Türkiye’ye dönünce gözlüklerimizin netlik ayarlarını düşürebiliriz. Çünkü burada her şey gözümün önünde hatta gözümüze sokarak oluyor. Yerel seçimlerde RTÜK’te çalışan isimlerin doğrudan AKP kampanyalarında çalıştığının kanıtlandığı yetmezmiş gibi, RTÜK Başkanı Ebubekir Şahin’in Halkbank Yönetim Kurulu’nun bir üyesi olarak bankanın iletişim çalışmalarında aktif rol oynadığını da görmüş olduk. Önce kuralı hatırlatmakta fayda var, dünyanın demokrasiyle idare edildiğini iddia eden hiçbir ülkesinde medya alanını düzenlemekle görevli kurumun başı, bir bankanın yönetim kurulu üyesi olamaz. Hatta bizde 1994’te çıkan ilk radyo ve televizyon yasasında medya sahiplerinin finansal kurum sahibi olması yasaktı, o yasaklar delindi, 2001 krizinde bankalarla beraber medya da battı. Bunun nedeni günümüz koşullarında medya aracılığıyla finansal verilerin manipüle edilebilme riski.

RTÜK Başkanı doğrudan haber yapmıyor olabilir ama medya üzerinde olmayan yetkisini dahi kullanabilecek kadar güçlü, hükümet yanlısı ve bunu dile getirmekten hiç çekinmiyor. Timur Soykan’ın 5 Haziran’da Birgün gazetesinin manşetinde yer alan “Halkbank’tan mafyaya kredi” haberi iddialara değil Hazine ve Maliye Bakanlığı Mali Suçları Araştırma Kurulu (MASAK) raporuna dayanıyordu. Habere “kişilik haklarının ihlal edildiği” gerekçesiyle (Halkbank’ın nasıl bir kişilik hakkı var ve nasıl ihlal edilmiş muamma tabi) jet hızıyla erişim engeli geliyor. Üstüne Ebubekir Şahin, RTÜK Başkanı olarak bir açıklama yayınlıyor, haberi yalanlıyor ve gazetecileri tehdit ediyor, sansürü “uyarıcı ikaz” diyerek hem itiraf ediyor hem de meşrulaştırıyor. MASAK raporunun karşısına Halkbank’ın açıklamasını koyup habere “yalan” etiketini yapıştırıveriyor. Eğer kurum ve kişilerin iddiaları reddetmesi yeterli sayılacaksa hiçbir yolsuzluk haberi yapılamaz demektir bu. İspat hakkının yok sayılmasıdır.

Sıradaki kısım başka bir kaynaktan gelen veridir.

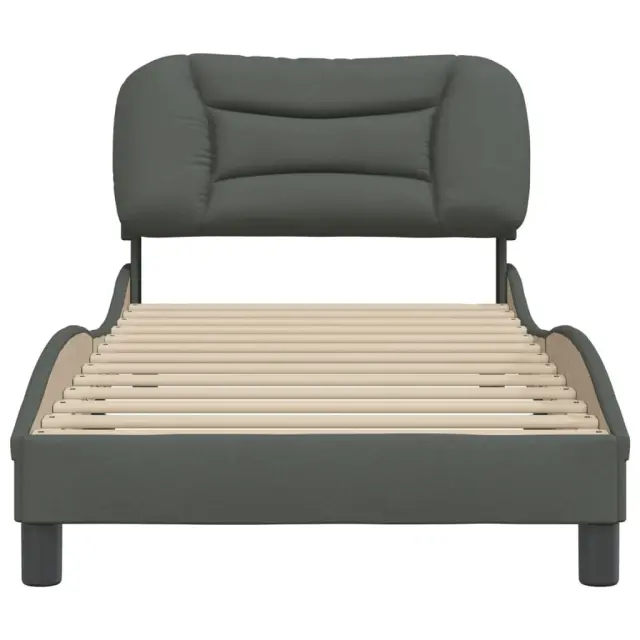 Zagotovite si boljši spanec s tem posteljnim okvirjem z vzglavjem! Je prijeten dodatek za vsako spalnico. Tkanina z dolgo življenjsko dobo: Tkanina je preprostega in čistega videza, hkrati pa je zračna, prijazna do kože in vzdržljiva.Letvice iz vezanega lesa: Letvice iz vezanega lesa omogočajo dobro porazdelitev teže in zagotavljajo, da vzmetnica ostane na mestu ob vsakem zasuku in obračanju med spanjem.Odlična podpora: Vzglavna stranica je napolnjena s PP vlakni za izjemno mehkobo in optimalno udobje ter zagotavlja odlično podporo hrbtu, ko sedite v postelji in berete ali gledate televizijo.Priročna zasnova: Vzglavna stranica ima zadrgo za preprosto namestitev, pripenjala na zadnji strani pa se lahko uporabijo za pritrditev LED lučk.Valovita stranica: Valoviti videz posteljnega okvirja je eleganten in prefinjen. Dekorju v vašem domu dodaja sodoben in eleganten pridih ter tako postane osrednja točka spalnice. Dobro je vedeti:Vzmetnica ni priložena tej postelji. Ponujamo različno izbiro ležišč. V naši trgovini si lahko ogledate ustrezne vzmetnice.Posteljni okvir z vzglavjem:Barva: Temno sivaMaterial: Tkanina (100 % poliester), kovina, trdna borovina, vezan les, inženirski lesCelotne dimenzije: 218 x 85 x 74,5 cm (D x Š x V)Velikost primerne vzmetnice: 80 x 200 cm (Š x D) (vzmetnica ni priložena)Oblazinjeno vzglavje:Barva: Temno sivaMaterial: Blago (100 % poliester)Material polnila: PP vlaknaDimenzije: 90 x 15 x 48 cm (D x Š x V)Širina primerne vzmetnice: 80 cmPotrebno sestavljanje: DaPaket vsebuje:1 x Posteljni okvir z vzglavjem1 x Oblazinjeno vzglavje

Neyle neyi kıyaslayıp nereye varmak istediğime gelince Washington Post’taki iddialar etik ve siyasi sonuçlarıyla günlerdir ABD medyasında tartışılıyor. Bizde ise Çağdaş Gazeteciler Derneği dışında kurumsal bir tepki görülmedi. Ebubekir Şahin’in hem bir kamu bankasının yönetim kurulunda olması hem de medyayı düzenleyici kurumun başında olması etik ihlaldir, çıkar çatışmasıdır. Dahası medya üzerindeki gücünü kullanarak haber sansürlemesi yüksek sesle istifasının istenmesi gereken bir skandaldır. Bizde RTÜK’ün hukuksuzluğu, sansürü yalnızca seçim dönemlerinde hatırlanıyor, “bizi ekrana çıkarmadılar” diye şikâyet ediliyor sonra her şey normale dönüyor. Siyaset medyanın gücünü, toplumsal rolünü anlamaktan halâ çok uzak.